**Work request:**
All lines below between the line with "Key Directions Key" and the line with "Fabric backpack, leather", including both, must be copied exactly, and the pictures must be omitted.

**Data for processing:**
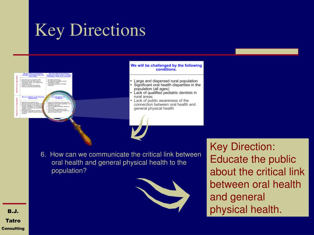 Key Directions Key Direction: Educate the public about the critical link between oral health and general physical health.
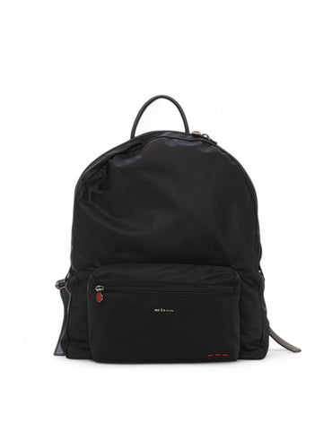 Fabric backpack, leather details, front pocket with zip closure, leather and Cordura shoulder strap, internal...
---
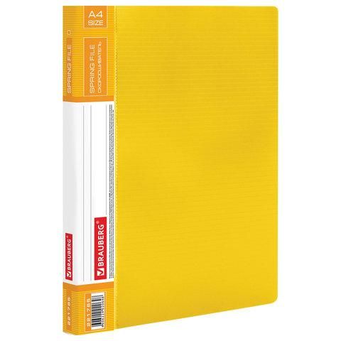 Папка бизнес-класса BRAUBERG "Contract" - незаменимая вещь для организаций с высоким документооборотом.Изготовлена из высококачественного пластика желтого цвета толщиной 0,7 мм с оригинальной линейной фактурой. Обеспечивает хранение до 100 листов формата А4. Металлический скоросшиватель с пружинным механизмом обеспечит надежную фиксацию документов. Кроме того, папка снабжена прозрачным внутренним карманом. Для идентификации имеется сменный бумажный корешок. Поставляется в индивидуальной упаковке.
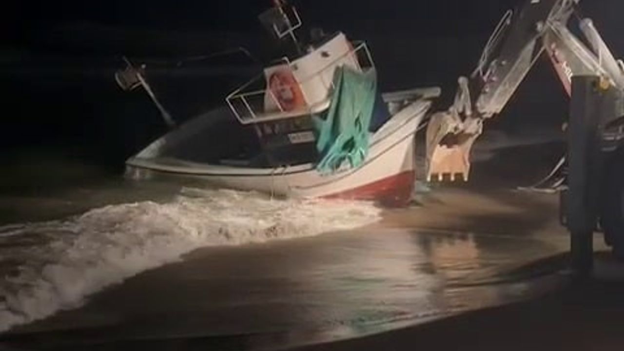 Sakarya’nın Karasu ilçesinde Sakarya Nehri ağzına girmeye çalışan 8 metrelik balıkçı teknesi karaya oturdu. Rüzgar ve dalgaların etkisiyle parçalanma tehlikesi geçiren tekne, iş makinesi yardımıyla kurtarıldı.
==
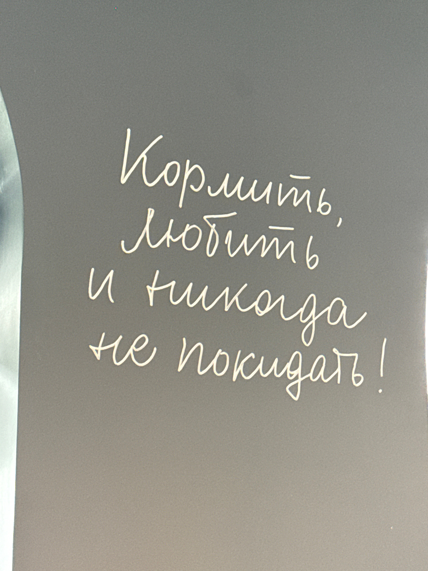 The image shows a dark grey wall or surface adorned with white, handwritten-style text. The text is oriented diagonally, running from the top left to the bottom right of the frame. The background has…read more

**Solved problem:**
 Key Directions Key Direction: Educate the public about the critical link between oral health and general physical health.
 Fabric backpack, leather details, front pocket with zip closure, leather and Cordura shoulder strap, internal...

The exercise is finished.